CAT PHILES

Opie, NO!

Opie, Phone Home

opiesink2.jpg - 16601 Bytes Opie is over a year old now. He seems to have settled down a bit. Although, I have to put him out of the bedroom almost every night. Sometimes he settles in next to me in bed while I'm reading. I'll turn out the light and we go to sleep, but by 2:30AM, sometimes earlier, his nap is over and he wakes me up with his mooching around.

However, putting him out of the bedroom gives him an excuse to take revenge. How many mornings have I opened my bedroom door to view the spiteful devastation. The other morning was really the limit. He yanked the cloth-like cover off the bottom door of my entertainment center, leaving a large, gaping hole in the door. My old bathroom door is still wedged along the side of the entertainment center to keep him from going behind it, but with the cover torn off he can come and go as he pleases. I keep putting it back on but I know he can take it off whenever he wants.

What he had dragged out and left on my dining room floor that morning was a dream catcher I used to keep on my wall, stuffed with bird feathers I used to collect. I've grown used to staring at strange objects laying on my floor and trying to figure out “what the heck that is” before I've even put on my glasses and had a cup of coffee.

He’s developed some cute habits. Every night around eight o'clock he would disappear. It was too quiet. So, I searched the house looking for him one night and found him laying in my sink in the basement. He was so sweet. As I walked down the steps all I could see of him was his eyes and ears peeking up over the edge of the basin. He even looked like he had a little smile on his face.
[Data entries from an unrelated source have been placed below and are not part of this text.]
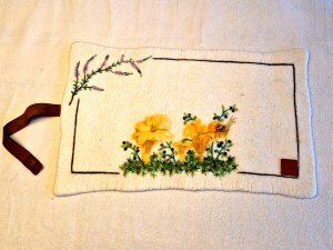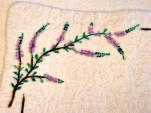 När dynan är redo kommer den färgade ullen fram och tovnålarna. För att få fram rätt nyanser blandar jag en mindre mängd ull på kardbrädan. Efter fler timmar med ull-målning är det dags för en ny omgång våttovning, fast nu endast på de nåltovade motiven. Torka och stryka.
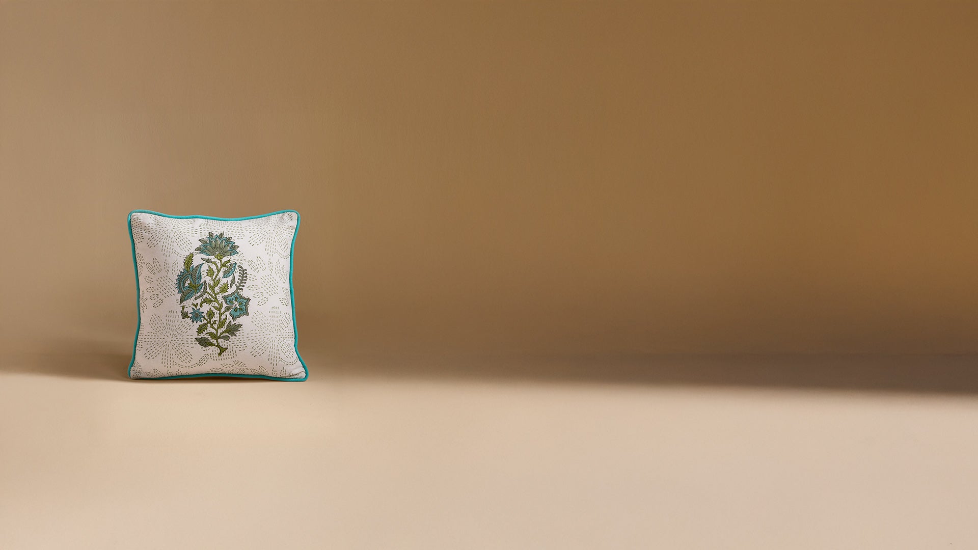 These small cotton covers, hand-block printed in teal and shades of green, offer a reversible charm. One side features a grand Mughal-inspired boota, while the other showcases elegantly arranged alternate borders for a versatile and artistic touch. Strong zippers ensure easy closure and the covers come without the fillers, which can be bought separately.
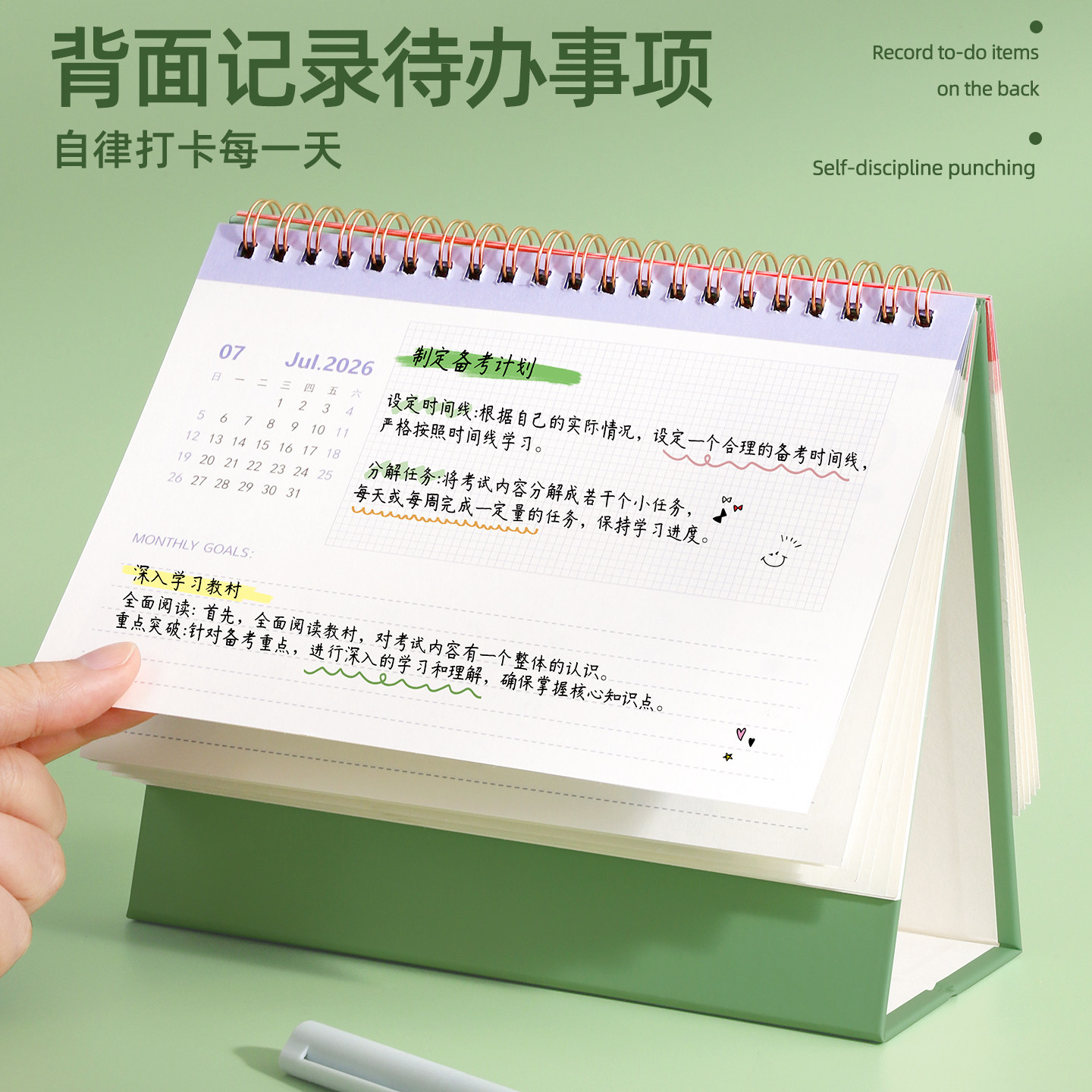 简约日历2026年学生备忘录中高考倒计时计划本月历ins风高颜值年历记事本创意办公室桌面摆件2025年台历定制
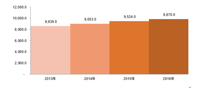 一人当たりの米国医療費、(USD)、2013ー2016年

Every night it was the same. I'd go down the basement steps and there he was just his eyes and ears peeking over the side with that sweet, dumb expression. So, I got a bath towel and an old bathroom carpet and put them in the sink to make it nice and cozy for him.

My little Opie was starting to grow up. One day I noticed, almost over night, that he had developed a fullness around his face. His baby face was gone. It made me feel a little sad. For as many times as I wanted to murder him, I was going to miss my baby kitten.

I removed the barriers from under my computer desk in the bedroom. As he got bigger he was able to tug on the cardboard I had there and slip through. So, the strategy I used was, if I remove all the barriers it won't be a challenge for him and he'll get bored with it and stay away. It’s sort of working. He goes under the desk and I don't yell anymore.

One night I was in bed reading and he went behind the desk. I told him to bet out from under there, but that was only to satisfy my own guilt feelings because, what kind of a mother would I be if I didn't say something? Everything was quiet for awhile. Then, slowly, the large bottom drawer began to open. Then, slowly, it shut. Then, the small top drawer opened. Then, it shut. This went on for a little while. If anybody was to see that and not know there was a cat under there, they would think it was a ghost. A drawer would open, then I could see a paw feeling its’ way around. I got up to see what he was doing when the little drawer opened and I could see his face at the back. Then, with the top drawer opened all the way, he came out from under the desk and was getting ready to hop into it so that he could push everything out of it. No, no, no. Bad (too smart for your own good) cat.

With the weather getting nice now, I can open the glass doors on my enclosed porch and let the cats get some fresh air. One Sunday afternoon I was out in the yard cleaning up a lot of old brush and weeds. A couple of cute kittens wandered in from somewhere. I was talking to the little grey and white one so fluffy and pretty. It was a sweet little thing. It wandered down toward my porch and I continued with my clean up. Then, all of a sudden, I heard this god-awful, high-pitched scream. I ran toward the porch trying to figure out what was going on. There was the kitten with its nose up against the screen and Opie was standing there on the porch with his back all hunched, and his tail all puffed out, and his fur all standing on end, and his eyes big, round blue and green saucers. He had a look of absolute horror on his face as he glared at the kitten. And the most awful wailing and screams coming from his mouth. I was so embarrassed because the whole neighborhood could hear him. I quickly ran inside and tried to calm him down. I had to chase the kitten away. Apparently, the only one Opie was scaring was me.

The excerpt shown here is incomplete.